Find the line in the material below that contains "샌프란시스코의 이정후가 28일(한국시간)", then give it again, with all later lines, exactly as shown.

Given data:
»»

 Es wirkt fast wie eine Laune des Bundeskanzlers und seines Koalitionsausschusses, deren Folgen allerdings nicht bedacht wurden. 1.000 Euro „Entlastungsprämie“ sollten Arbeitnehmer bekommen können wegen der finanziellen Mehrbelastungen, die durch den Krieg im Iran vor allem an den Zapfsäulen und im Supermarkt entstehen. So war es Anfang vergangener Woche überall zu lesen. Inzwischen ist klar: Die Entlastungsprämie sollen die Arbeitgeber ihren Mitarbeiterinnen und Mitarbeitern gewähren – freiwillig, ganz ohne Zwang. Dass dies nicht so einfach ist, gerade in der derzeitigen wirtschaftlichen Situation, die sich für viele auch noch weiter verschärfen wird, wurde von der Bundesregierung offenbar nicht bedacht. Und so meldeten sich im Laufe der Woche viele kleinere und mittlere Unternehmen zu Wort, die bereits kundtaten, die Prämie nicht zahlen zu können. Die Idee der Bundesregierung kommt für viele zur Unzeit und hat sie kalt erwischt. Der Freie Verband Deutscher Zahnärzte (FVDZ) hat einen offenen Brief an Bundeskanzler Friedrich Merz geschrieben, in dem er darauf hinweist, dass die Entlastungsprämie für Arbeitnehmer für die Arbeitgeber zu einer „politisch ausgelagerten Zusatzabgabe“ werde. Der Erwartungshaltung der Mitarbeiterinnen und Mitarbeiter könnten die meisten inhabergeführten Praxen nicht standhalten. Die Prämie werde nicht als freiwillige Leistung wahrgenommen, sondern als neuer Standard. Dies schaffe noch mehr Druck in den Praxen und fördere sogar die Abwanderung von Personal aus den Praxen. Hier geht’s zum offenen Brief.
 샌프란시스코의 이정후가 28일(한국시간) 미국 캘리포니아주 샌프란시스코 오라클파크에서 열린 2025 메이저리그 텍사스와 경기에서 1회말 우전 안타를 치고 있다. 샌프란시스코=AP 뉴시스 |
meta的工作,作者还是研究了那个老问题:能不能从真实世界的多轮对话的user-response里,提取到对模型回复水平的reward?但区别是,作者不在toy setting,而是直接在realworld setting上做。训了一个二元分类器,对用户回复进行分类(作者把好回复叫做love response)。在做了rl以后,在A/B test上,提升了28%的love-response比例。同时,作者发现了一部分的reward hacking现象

««

Response box:
 샌프란시스코의 이정후가 28일(한국시간) 미국 캘리포니아주 샌프란시스코 오라클파크에서 열린 2025 메이저리그 텍사스와 경기에서 1회말 우전 안타를 치고 있다. 샌프란시스코=AP 뉴시스 |
meta的工作,作者还是研究了那个老问题:能不能从真实世界的多轮对话的user-response里,提取到对模型回复水平的reward?但区别是,作者不在toy setting,而是直接在realworld setting上做。训了一个二元分类器,对用户回复进行分类(作者把好回复叫做love response)。在做了rl以后,在A/B test上,提升了28%的love-response比例。同时,作者发现了一部分的reward hacking现象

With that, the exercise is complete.